### Problem to solve
Quote from the first line below through the line that contains "2. Zero the", both included, and leave the pictures out.

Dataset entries
··········
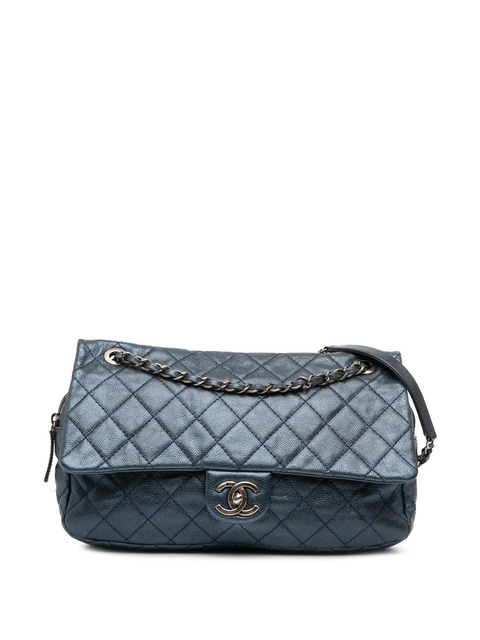 iridescent quilted caviar leather body leather woven chain strap with leather guard front flap with double Cs and twist lock closure top zip closure interior zip pocket blue Serial Number: 18247038 This item has no inclusions. Condition: GOOD. This previously owned and used item is in good condition with minimal signs of use. This may include fading of material or plating and scratches. Please refer to the photos on this product page for a detailed view of the item, including any damages declared.
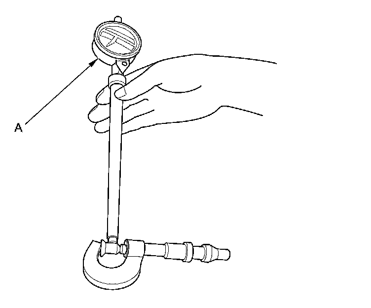 2. Zero the dial indicator (A) to the piston pin diameter.
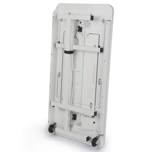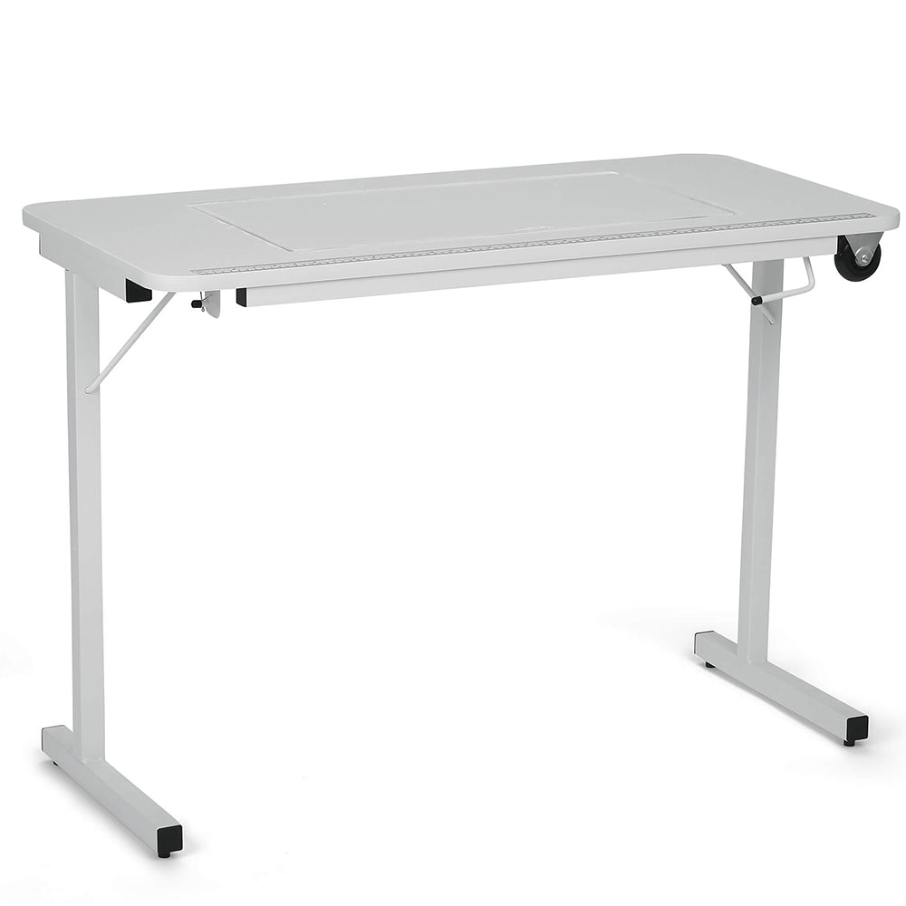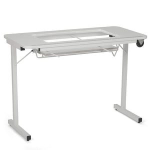 The Gidget II Table is designed for quick setup and easy storage. When the table is folded away (40-1/2" x 21-1/4" x 4-1/2"), it will easily fit under your bed or in a closet. Located under the table, on the right side, are two wheels for easy mobility and portability. Weighing approximately 35 pounds, this table is lighter than some machines and comes fully assembled!
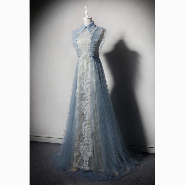 エレガント パーティードレス 青/ブルー 3D立体レース刺繍 2次会
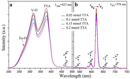 Figure 8 shows the photoluminescence spectra of the YVO4:Eu3+@YVO4:Eu3+–TTA inorganic–organic hybrid nanoparticles with different TTA amounts. Figure 9 compares the photoluminescence spectra of the YVO4:Eu3+@YVO4:Eu3+ nanoparticles and the YVO4:Eu3+@YVO4:Eu3+–TTA inorganic–organic hybrid nanoparticles. Compared with the excitation spectra of the as-synthesized and the annealed YVO4:Eu3+ nanoparticles (Figure 6a), the YVO4:Eu3+@YVO4:Eu3+–TTA inorganic–organic hybrid nanoparticles had a new excitation peak at about 378 nm (Figure 8a), which is a result of the TTA ligands. Consequently, the excitation spectral bandwidth of YVO4:Eu3+ was notably broadened from the range of 230–330 nm (Figure 6a) to the range of 230–415 nm (Figure 8a).
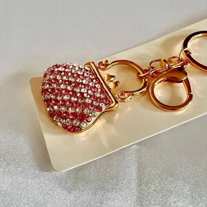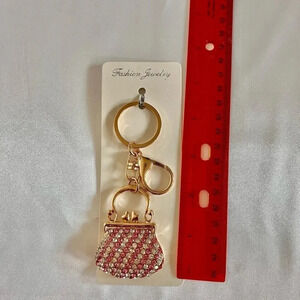 Mini Purse Bag And Key Chain Charm Pink Crystal Rhinestone Gold Tone Hardware
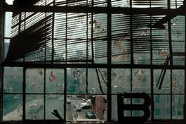 USA. New York City. 1983. A damaged window of a former dock building...
··········
### Answer space
 iridescent quilted caviar leather body leather woven chain strap with leather guard front flap with double Cs and twist lock closure top zip closure interior zip pocket blue Serial Number: 18247038 This item has no inclusions. Condition: GOOD. This previously owned and used item is in good condition with minimal signs of use. This may include fading of material or plating and scratches. Please refer to the photos on this product page for a detailed view of the item, including any damages declared.
 2. Zero the dial indicator (A) to the piston pin diameter.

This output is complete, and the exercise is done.